Thought about going on the coach again, but i'd rather be in control of where my animals are stored and i found it hurt my back in those seats (horse riding accident!) so i'd rather go in a spacious car, with a few other people and share the driving and costs between us.

so yeah, whos done it? would you do it again? How would you do it? 

all comments welcome:2thumb:

Emma x


----------



## cooljules (May 20, 2008)

emma_fyfe said:


> who here has driven to hamm themselves? If you have, could you please either post here or PM me what sort of things you needed to organise(ferry, routes, hotels and other expenses etc) as im thinking of driving there in december.
> 
> Thought about going on the coach again, but i'd rather be in control of where my animals are stored and i found it hurt my back in those seats (horse riding accident!) so i'd rather go in a spacious car, with a few other people and share the driving and costs between us.
> 
> ...


easy, book the ferry and drive..just look at a autoroute for time etc for travel. i have driven god knows how many times and its easy


----------



## emma_fyfe (Jan 8, 2006)

didnt think it was that easy, will deff be doing it then! Need a bigger car for it though, i only have a 2 seater and the boyfriends one drinks so much fuel!


----------



## ditta (Sep 18, 2006)

http://www.reptileforums.co.uk/reptile-shows-breeder-meetings/184204-hamm-experience.html

jake and dave have just done it:flrt:


----------



## Elisha Metcalf (Sep 12, 2008)

*Help*

okay, im not new to keeping reptiles, i have had, burmese pythons, water dragons, beardies, garter snakes, royal pythons, king snakes, boas etc etc etc, but i am very new to this forum, its so hard to uderstand!! 

when people write things like this 1.0.0 royal python - monty

what the hell does it mean?!?!?

some people have like 

1.0.2 royal python
1.2.0 BCI

i just dont understand it, explain it to me someone!

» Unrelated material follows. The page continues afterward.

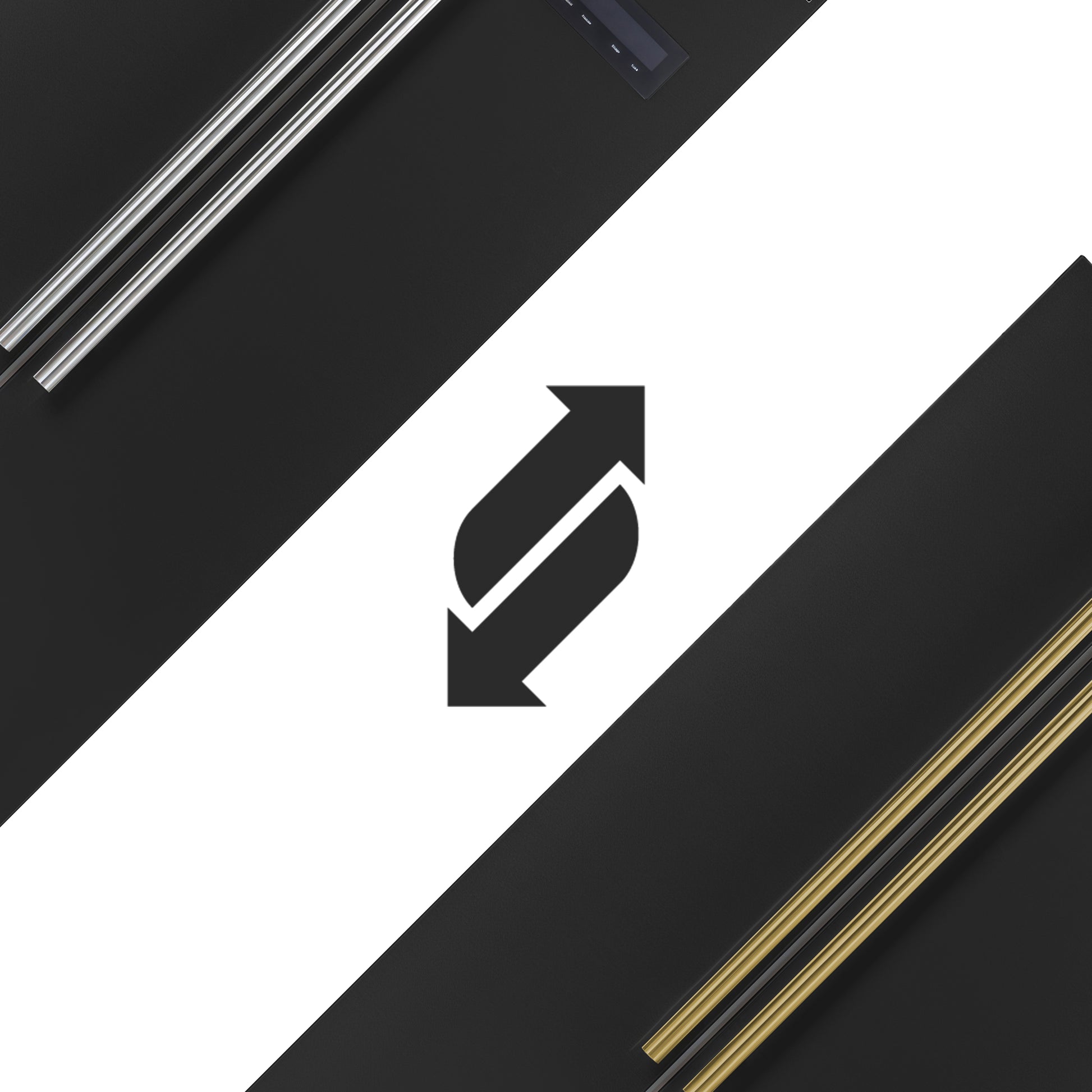 * Sleek black-finished doors with antique brass handles provide a stylish and customizable option.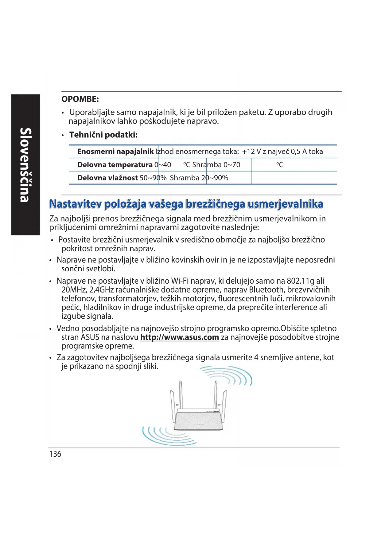 - Používateľskúpríručkumôžetezískaťon-linena https://www.asus.com/support135 Slovenščina Hiter pogled na vaš RT-N19 Vsebina paketa RT-N19 Adapter za izmenični tok Omrežni kabel (RJ-45) Vodnik za hitri zagon Lučka za vklop Stikalo za vklop/izklop LAN lučke LED Vhod za napajanje (DC-IN) WAN (internet) lučka LED Gumb za WPS Lučka 2,4GHz Vhod WAN (Internet) Gumb za ponastavitev Vhodi LAN 1~2 Slovenščina136 Slovenščina Nastavitev položaja vašega brezžičnega usmerjevalnika Za najboljši prenos brezžičnega signala med brezžičnim usmerjevalnikom in priključenimi omrežnimi napravami zagotovite naslednje:

just for the record i currently have

A breeding pair of rainbow boas
1 mexican black king snake
1 bearded dragon
a tank of fish

as well as dogs, cats and ferrets!


----------



## emma_fyfe (Jan 8, 2006)

wrong thread to post this in but 1.1.1 means 1male.1female.1unsexed

so if i wrote 7.3.0 it would mean 7 males, 3 females and no unsexed. Hope this helps and :welcome:



Elisha Metcalf said:


> okay, im not new to keeping reptiles, i have had, burmese pythons, water dragons, beardies, garter snakes, royal pythons, king snakes, boas etc etc etc, but i am very new to this forum, its so hard to uderstand!!
> 
> when people write things like this 1.0.0 royal python - monty
> 
> ...


----------



## cooljules (May 20, 2008)

emma_fyfe said:


> who here has driven to hamm themselves? If you have, could you please either post here or PM me what sort of things you needed to organise(ferry, routes, hotels and other expenses etc) as im thinking of driving there in december.
> 
> Thought about going on the coach again, but i'd rather be in control of where my animals are stored and i found it hurt my back in those seats (horse riding accident!) so i'd rather go in a spacious car, with a few other people and share the driving and costs between us.
> 
> ...


oh yeah, usually cant share driving overseas. dpnt think ins policies allow it...i have driven many many time all over europe so can do it blindfold but my camper is off the road. seen many people from the uk make many mistakes in france etc...hhehe funny


----------



## ditta (Sep 18, 2006)

Elisha Metcalf said:


> okay, im not new to keeping reptiles, i have had, burmese pythons, water dragons, beardies, garter snakes, royal pythons, king snakes, boas etc etc etc, but i am very new to this forum, its so hard to uderstand!!
> 
> when people write things like this 1.0.0 royal python - monty
> 
> ...


 
its the sex of their animals
first digit is male, second digit is female and thirdly its unsexed i.e. babies


----------



## emma_fyfe (Jan 8, 2006)

ditta said:


> http://www.reptileforums.co.uk/reptile-shows-breeder-meetings/184204-hamm-experience.html
> 
> jake and dave have just done it:flrt:


thanks, will look now!


----------



## emma_fyfe (Jan 8, 2006)

cooljules said:


> oh yeah, usually cant share driving overseas. dpnt think ins policies allow it...i have driven many many time all over europe so can do it blindfold but my camper is off the road. seen many people from the uk make many mistakes in france etc...hhehe funny


could have me driving the england bit then, and get someone else to do overseas one then..would that work? if i have them as the main driver, and me as a named driver.. 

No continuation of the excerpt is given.